Updated on 2025-07-28 GMT+08:00

Viewing the DeepSeek Model Evaluation Report

After an evaluation job is created, you can view the task report. The procedure is as follows:

  1. Log in to ModelArts Studio Large Model Deveopment Platform. In the My Spaces area, click the required workspace.
    Figure 1 My Spaces
  2. In the navigation pane, choose Model Development > Model Evaluation > Job Management.
  3. Click Assessment report in the Operation column. On the displayed page, you can view the basic information and overview of the evaluation job.

    For details about each evaluation metric, see DeepSeek Model Evaluation Metrics.

  4. Export the evaluation report.
    1. On the Evaluation Report > Evaluation Details page, click Export, select the report to be exported, and click OK.
    2. Click Export Record on the right to view the exported task ID. Click Download in the Operation column to download the evaluation report to the local PC.

DeepSeek Model Evaluation Metrics

The DeepSeek Model supports automatic evaluation and manual evaluation. For details about the metrics, see Table 1, Table 2, and Table 3.

Table 1 Automatic evaluation metrics of the DeepSeek model (not using preset evaluation datasets)

Evaluation Metric (Automatic Evaluation - Evaluation Template Not Used)

Description

F1_SCORE

Harmonic mean of the precision and recall. A larger value indicates better model performance.

BLEU-1

Matching degree between the sentence generated by the model and the actual sentence at the single-word level. A larger value indicates better model performance.

BLEU-2

Matching degree between the sentence generated by the model and the actual sentence at the phrase level. A larger value indicates better model performance.

BLEU-4

Weighted average accuracy of the model generation result and actual sentences. A larger value indicates better model performance.

ROUGE-1

Similarity between the sentence generated by the model and the actual sentence at the single-word level. A larger value indicates better model performance.

ROUGE-2

Similarity between the sentence generated by the model and the actual sentence at the two-word level. A larger value indicates better model performance.

ROUGE-L

Similarity between the sentence generated by the model and the actual sentence at the longest common subsequence (LCS) level. A larger value indicates better model performance.

PRECISION

Accuracy of Q&A matching, that is, the accuracy of sentences generated by the model compared with actual sentences. A larger value indicates better model performance.

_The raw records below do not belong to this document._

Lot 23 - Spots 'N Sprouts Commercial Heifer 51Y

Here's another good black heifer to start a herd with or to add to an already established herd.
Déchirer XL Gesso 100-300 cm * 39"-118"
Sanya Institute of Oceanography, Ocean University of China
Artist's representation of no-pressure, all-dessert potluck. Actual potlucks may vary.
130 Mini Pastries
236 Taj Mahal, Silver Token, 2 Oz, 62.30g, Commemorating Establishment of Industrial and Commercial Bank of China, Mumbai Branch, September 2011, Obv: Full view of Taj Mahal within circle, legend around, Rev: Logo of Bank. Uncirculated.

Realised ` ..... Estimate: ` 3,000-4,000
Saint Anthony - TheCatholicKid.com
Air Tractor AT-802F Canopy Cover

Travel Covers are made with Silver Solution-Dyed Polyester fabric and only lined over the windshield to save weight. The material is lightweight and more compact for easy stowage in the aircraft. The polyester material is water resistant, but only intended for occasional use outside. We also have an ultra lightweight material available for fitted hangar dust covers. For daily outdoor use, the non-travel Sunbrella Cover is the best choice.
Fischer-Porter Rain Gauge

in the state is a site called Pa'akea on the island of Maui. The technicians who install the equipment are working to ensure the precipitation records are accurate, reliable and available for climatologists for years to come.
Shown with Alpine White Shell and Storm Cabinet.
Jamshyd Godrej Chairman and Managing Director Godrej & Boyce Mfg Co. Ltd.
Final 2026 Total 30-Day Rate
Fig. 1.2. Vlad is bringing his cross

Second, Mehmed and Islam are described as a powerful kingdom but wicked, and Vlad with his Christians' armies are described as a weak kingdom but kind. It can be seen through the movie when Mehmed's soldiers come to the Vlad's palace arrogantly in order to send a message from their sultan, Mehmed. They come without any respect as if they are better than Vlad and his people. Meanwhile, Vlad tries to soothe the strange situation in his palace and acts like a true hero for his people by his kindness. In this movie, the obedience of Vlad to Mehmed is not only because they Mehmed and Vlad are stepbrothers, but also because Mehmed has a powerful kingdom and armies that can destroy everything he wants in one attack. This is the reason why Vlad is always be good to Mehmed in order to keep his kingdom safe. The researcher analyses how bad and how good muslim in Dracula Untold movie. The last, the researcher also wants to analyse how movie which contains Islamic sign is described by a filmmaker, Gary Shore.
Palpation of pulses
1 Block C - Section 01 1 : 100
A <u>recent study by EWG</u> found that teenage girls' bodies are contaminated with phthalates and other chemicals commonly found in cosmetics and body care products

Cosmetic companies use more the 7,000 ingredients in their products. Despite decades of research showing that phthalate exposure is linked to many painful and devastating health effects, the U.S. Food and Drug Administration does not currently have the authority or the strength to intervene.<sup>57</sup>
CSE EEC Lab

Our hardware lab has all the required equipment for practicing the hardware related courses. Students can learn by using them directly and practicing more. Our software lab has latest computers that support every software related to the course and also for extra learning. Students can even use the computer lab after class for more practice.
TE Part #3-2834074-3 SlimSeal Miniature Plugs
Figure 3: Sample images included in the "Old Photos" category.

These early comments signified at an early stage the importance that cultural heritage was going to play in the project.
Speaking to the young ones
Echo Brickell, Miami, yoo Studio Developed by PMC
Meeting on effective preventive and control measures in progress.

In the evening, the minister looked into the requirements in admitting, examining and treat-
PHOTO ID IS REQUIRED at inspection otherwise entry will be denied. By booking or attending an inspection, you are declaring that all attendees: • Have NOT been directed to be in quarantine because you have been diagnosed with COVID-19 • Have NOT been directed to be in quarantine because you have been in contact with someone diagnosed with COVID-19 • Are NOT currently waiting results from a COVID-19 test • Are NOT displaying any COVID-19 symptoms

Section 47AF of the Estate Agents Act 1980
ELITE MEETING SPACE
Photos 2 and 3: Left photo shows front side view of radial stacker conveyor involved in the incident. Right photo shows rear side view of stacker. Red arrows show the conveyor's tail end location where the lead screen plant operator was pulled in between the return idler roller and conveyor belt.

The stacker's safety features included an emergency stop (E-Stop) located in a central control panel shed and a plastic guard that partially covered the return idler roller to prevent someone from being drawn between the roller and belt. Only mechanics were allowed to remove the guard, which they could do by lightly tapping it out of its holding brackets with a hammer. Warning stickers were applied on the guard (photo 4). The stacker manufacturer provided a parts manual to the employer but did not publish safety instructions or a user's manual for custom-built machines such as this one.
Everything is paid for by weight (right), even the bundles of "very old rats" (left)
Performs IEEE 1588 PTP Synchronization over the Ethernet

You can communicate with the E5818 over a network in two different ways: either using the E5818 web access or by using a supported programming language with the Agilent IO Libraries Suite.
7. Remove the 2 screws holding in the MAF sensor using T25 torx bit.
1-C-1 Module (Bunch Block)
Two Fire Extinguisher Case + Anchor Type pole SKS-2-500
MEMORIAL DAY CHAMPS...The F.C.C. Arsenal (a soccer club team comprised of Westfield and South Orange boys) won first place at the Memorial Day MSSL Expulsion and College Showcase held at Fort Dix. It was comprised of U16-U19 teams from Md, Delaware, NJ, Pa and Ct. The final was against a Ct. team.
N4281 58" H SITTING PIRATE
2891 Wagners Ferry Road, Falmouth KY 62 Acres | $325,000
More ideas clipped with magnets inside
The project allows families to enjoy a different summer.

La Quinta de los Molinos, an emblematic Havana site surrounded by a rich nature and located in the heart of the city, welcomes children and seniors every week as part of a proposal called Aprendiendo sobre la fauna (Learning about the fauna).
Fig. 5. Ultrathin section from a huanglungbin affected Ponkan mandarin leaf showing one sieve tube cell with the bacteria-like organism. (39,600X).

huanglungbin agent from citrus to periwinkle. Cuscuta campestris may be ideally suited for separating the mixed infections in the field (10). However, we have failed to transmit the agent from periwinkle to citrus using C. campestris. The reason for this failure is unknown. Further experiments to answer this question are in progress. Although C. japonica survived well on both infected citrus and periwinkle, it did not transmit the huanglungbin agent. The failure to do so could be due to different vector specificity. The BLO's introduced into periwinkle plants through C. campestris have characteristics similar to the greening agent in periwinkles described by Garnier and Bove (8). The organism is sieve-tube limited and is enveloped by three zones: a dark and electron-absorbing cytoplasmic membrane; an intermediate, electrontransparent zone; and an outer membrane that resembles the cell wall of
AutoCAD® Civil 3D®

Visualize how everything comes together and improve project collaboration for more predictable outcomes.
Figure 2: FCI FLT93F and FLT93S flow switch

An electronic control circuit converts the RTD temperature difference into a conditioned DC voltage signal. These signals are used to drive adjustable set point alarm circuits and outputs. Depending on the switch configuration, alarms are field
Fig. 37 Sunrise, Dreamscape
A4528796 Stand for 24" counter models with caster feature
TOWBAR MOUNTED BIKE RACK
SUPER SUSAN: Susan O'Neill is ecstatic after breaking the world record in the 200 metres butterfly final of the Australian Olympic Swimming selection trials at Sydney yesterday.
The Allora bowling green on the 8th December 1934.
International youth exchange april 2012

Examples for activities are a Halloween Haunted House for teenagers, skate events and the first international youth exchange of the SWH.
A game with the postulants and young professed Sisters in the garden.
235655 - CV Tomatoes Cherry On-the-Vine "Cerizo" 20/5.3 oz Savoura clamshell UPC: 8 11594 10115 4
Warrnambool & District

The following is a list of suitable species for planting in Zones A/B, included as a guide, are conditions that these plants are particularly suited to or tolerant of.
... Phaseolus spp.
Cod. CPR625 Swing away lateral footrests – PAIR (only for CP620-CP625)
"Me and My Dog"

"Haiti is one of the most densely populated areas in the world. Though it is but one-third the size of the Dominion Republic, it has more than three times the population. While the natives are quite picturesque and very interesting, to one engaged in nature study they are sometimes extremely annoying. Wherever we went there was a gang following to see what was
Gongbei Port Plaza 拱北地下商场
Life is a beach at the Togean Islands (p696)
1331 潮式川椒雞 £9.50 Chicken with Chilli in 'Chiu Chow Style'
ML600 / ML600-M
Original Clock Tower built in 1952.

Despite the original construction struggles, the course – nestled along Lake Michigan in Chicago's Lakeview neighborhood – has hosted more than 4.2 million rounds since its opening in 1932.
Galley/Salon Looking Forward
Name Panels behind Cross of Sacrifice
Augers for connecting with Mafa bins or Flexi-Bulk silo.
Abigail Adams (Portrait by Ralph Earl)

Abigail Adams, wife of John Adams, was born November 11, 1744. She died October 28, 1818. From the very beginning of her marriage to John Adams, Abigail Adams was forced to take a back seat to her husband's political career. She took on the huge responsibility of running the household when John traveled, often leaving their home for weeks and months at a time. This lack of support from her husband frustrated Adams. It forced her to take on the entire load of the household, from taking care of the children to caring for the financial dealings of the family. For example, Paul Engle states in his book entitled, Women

Table 2 Automatic evaluation metrics of the NLP model (using preset evaluation datasets)

Evaluation Metric (Automatic Evaluation- Evaluation Template Used)

Description

Score

The score of each dataset is the pass rate of the model in the current dataset. If there are multiple datasets in the evaluation capability items, the weighted average pass rate is calculated based on the data volume.

Comprehensive capability

The comprehensive capability is the weighted average of the pass rates of all datasets.

Table 3 Manual evaluation metrics of the DeepSeek model

Evaluation Metric (Manual Evaluation)

Description

Accuracy

The answer generated by the model is correct and there is no factual error.

average

The model calculates the average score of the generated sentence and the actual sentence based on the evaluation metric.

goodcase

The model calculates the proportion of test cases whose score is 5 after the generated sentence and the actual sentence are compared based on the evaluation metric.

badcase

The model calculates the proportion of test cases whose score is less than 1 after the generated sentence and the actual sentence are compared based on the evaluation metric.

Custom metric

Custom metrics, such as usability, logic, and security.